_Dataset excerpt_
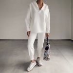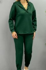 This two-piece set features a hooded sweatshirt paired with matching pants, crafted for casual commuting and relaxed daily use. The sweatshirt includes a convenient hood and long sleeves, while the pants offer a comfortable fit suitable for extended wear. Made from soft, breathable fabric, the ensemble ensures both comfort and style for everyday activities. Its casual design and neutral color options make it versatile for various occasions, providing a balance between functionality and modern casual fashion.
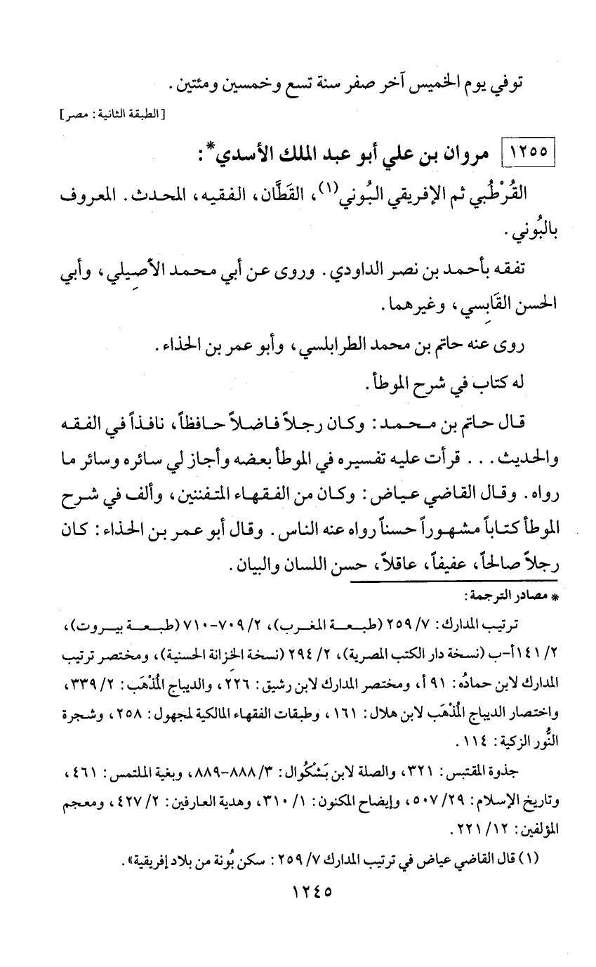 * مصادر الترجمة: ترتيب المدارك: 7/ 259 (طبعة المغرب)، 2/ 709 - 710 (طبعة بيروت)، 2/ 141 أ - ب (نسخة دار الكتب المصرية)، 2/ 294 (نسخة الخزانة الحسنية)، ومختصر ترتيب المدارك لابن حماده: 91 أ، ومختصر المدارك لابن رشيق: 226، والديباج المذهب: 2/ 339، واختصار الديباج المذهب لابن هلال: 161، وطبقات الفقهاء المالكية لمجهول: 258، وشجرة النّور الزكية: 114. جذوة المقتبس: 321، والصلة لابن بشكوال: 3/ 888 - 889، وبغية الملتمس: 461، وتاريخ الإسلام: 29/ 507، وإيضاح المكنون: 1/ 310، وهدية العارفين: 2/ 427، ومعجم المؤلفين: 12/ 221.
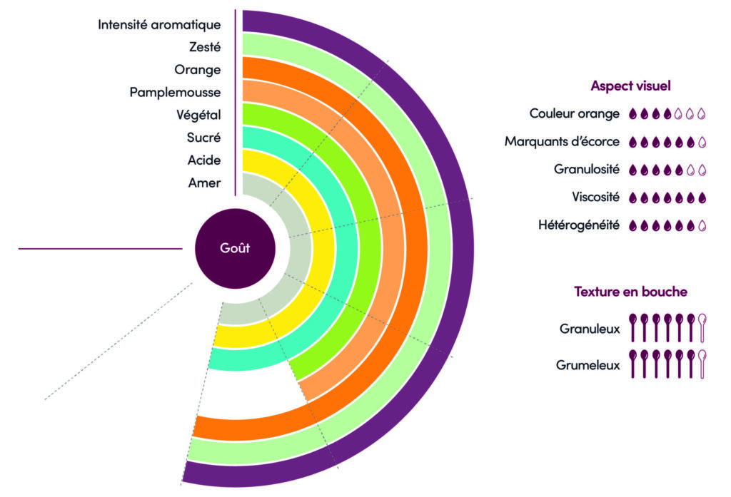 This puree reveals a strong aromatic intensity with a perfect balance of sweetness and bitterness. Zesty notes are distinguished, along with hints of other citrus fruits such as orange and pink grapefruit.

_Problem to work on_
Whenever images occur above, omit them and retype each line exactly as it stands.

_Task solution_
 This two-piece set features a hooded sweatshirt paired with matching pants, crafted for casual commuting and relaxed daily use. The sweatshirt includes a convenient hood and long sleeves, while the pants offer a comfortable fit suitable for extended wear. Made from soft, breathable fabric, the ensemble ensures both comfort and style for everyday activities. Its casual design and neutral color options make it versatile for various occasions, providing a balance between functionality and modern casual fashion.
 * مصادر الترجمة: ترتيب المدارك: 7/ 259 (طبعة المغرب)، 2/ 709 - 710 (طبعة بيروت)، 2/ 141 أ - ب (نسخة دار الكتب المصرية)، 2/ 294 (نسخة الخزانة الحسنية)، ومختصر ترتيب المدارك لابن حماده: 91 أ، ومختصر المدارك لابن رشيق: 226، والديباج المذهب: 2/ 339، واختصار الديباج المذهب لابن هلال: 161، وطبقات الفقهاء المالكية لمجهول: 258، وشجرة النّور الزكية: 114. جذوة المقتبس: 321، والصلة لابن بشكوال: 3/ 888 - 889، وبغية الملتمس: 461، وتاريخ الإسلام: 29/ 507، وإيضاح المكنون: 1/ 310، وهدية العارفين: 2/ 427، ومعجم المؤلفين: 12/ 221.
 This puree reveals a strong aromatic intensity with a perfect balance of sweetness and bitterness. Zesty notes are distinguished, along with hints of other citrus fruits such as orange and pink grapefruit.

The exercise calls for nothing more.